El miedo es un sentimiento ajeno a la razón, a la capacidad del ser humano de poner sus pensamientos de forma lógica y usar así su habilidad en el análisis de la situación. El miedo es el enemigo de lo razonable, es el veneno que desconecta las neuronas y trata de paralizar el sistema nervioso y con ello trata de atraparte en sus redes para no dejarte escapar. Los miedos, los temores de una persona, son a menudo fundados por la falta de conocimiento de algo o a veces por los hechos que se presentan delante nuestro y que en nuestra supuesta sabiduría no somos capaces de comprender. Este es un miedo muy común, que los niños a menudo sufren: la primera vez que duermen solos, la primera vez que suben a una bicicleta, el temor a lo incomprendido es algo que los humanos no pueden negar y que no cambiarán. Está en nuestro código genético.
El pequeño se sienta, no acaba de comprender que ha pasado, ve la sangre, una y otra vez, en su mente resuenan las suplicas de su madre, el llanto, la histeria. No acaba de entender lo que le dice su mente y su cuerpo se atasca en un entumecimiento que le recorre las venas y las terminaciones nerviosas. Sabe que no debe moverse como cervatillo asustado delante de su depredador. Las lágrimas se contienen, asimilar se asimilará después, con el tiempo, con la madurez, con la compresión. Pero de pronto delante suyo yace su madre, mientras su padre aún sujeta el cuchillo entre sus manos. Sin embargo es tan sólo un chaval de diez años que ha presenciado la muerte de su madre Anna a manos de su marido -ahora viudo- Zygmunt.
Lo que sucede después son borrones en la mente del infante. Las primeras semanas parecen pasar en blanco y negro, en un cine mudo dónde él intenta asimilar o procesar, o cualquier otra palabra que pueda ayudar a arrojar un poco de luz a los sentimientos y pensamientos tan oscuros en la mente de este muchacho. Su hermano y él se cogen de la mano y se encaminan a una vida nueva, junto a su abuela, a la que mucho más tarde agradecerán haberlos llevado por el camino del bien, a enderezarlos pese a un trauma de tal calibre.

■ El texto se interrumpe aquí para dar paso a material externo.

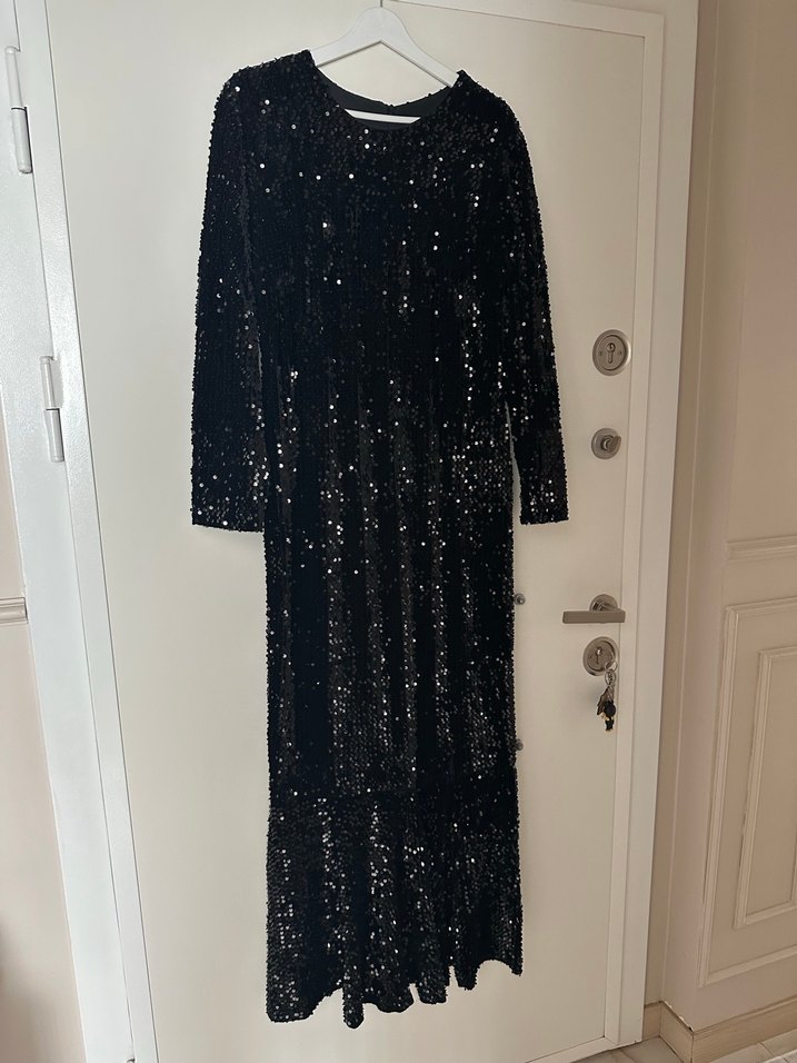Uzun kollu, yuvarlak yakalı siyah abiye elbise, tamamı payetlerle kaplı şık ve desenli görünüme sahip. Parti için ideal.

Esta es la historia de este niño, que en la adolescencia lucha por ser mejor hombre, ya con su padre en la cárcel. El infante madura, pero la comprensión aún no llega, no llega la manera de pasar la página manchada con sangre de su sangre. Pero aquí no hay finales felices, hay un final, que es necesario, una clausura a una carrera en la que la agonía y el miedo han pasado de largo pero en la que nuestro protagonista admite buscar en el cielo las respuestas. Pero en la madurez y la etapa adulta llegan las respuestas en forma de incógnitas resignadas: “Nunca comprenderé por qué pasó. Siempre me preguntaré ‘¿por qué?’.”
Él ya casi en la treintena mira al cielo y señala cada vez que marca un gol. Se acuerda de su madre y se pregunta como sería su vida si ella aún viviera y desea con todas sus fuerzas que eso fuese así, sabe que daría su vida por borrar esos recuerdos de su mente y tener a Anna a su lado. A pesar de su éxito en su carrera como futbolista, a pesar de vestir la camiseta de su selección, a pesar de todo, en el fondo de su corazón sabe que cambiaría todo eso por abrazarla una vez más. La tragedia siempre se cernirá sobre su nombre pero esa carga pesada sobre los hombros es uno con él.
Su padre salió de prisión 15 años después, pero nunca se hablaron ni se vieron. Poco después de su salida murió, a los 56 años de edad. Su hijo se personó en su funeral y una parte del rompecabezas de su miedo se encajó allí.
Desde entonces la vida ha seguido, siguen los goles, siguen las idas y venidas, y sobre todo sigue ahí agazapada la duda y el temor. Esta es la historia de un niño que creció teniendo poco más de 10 años, esta es la historia de como Jakub Blaszczykowski vio a su madre morir. La historia de ‘Kuba’ sangra de dolor y miedo infantil y mira al cielo con ojos anhelantes.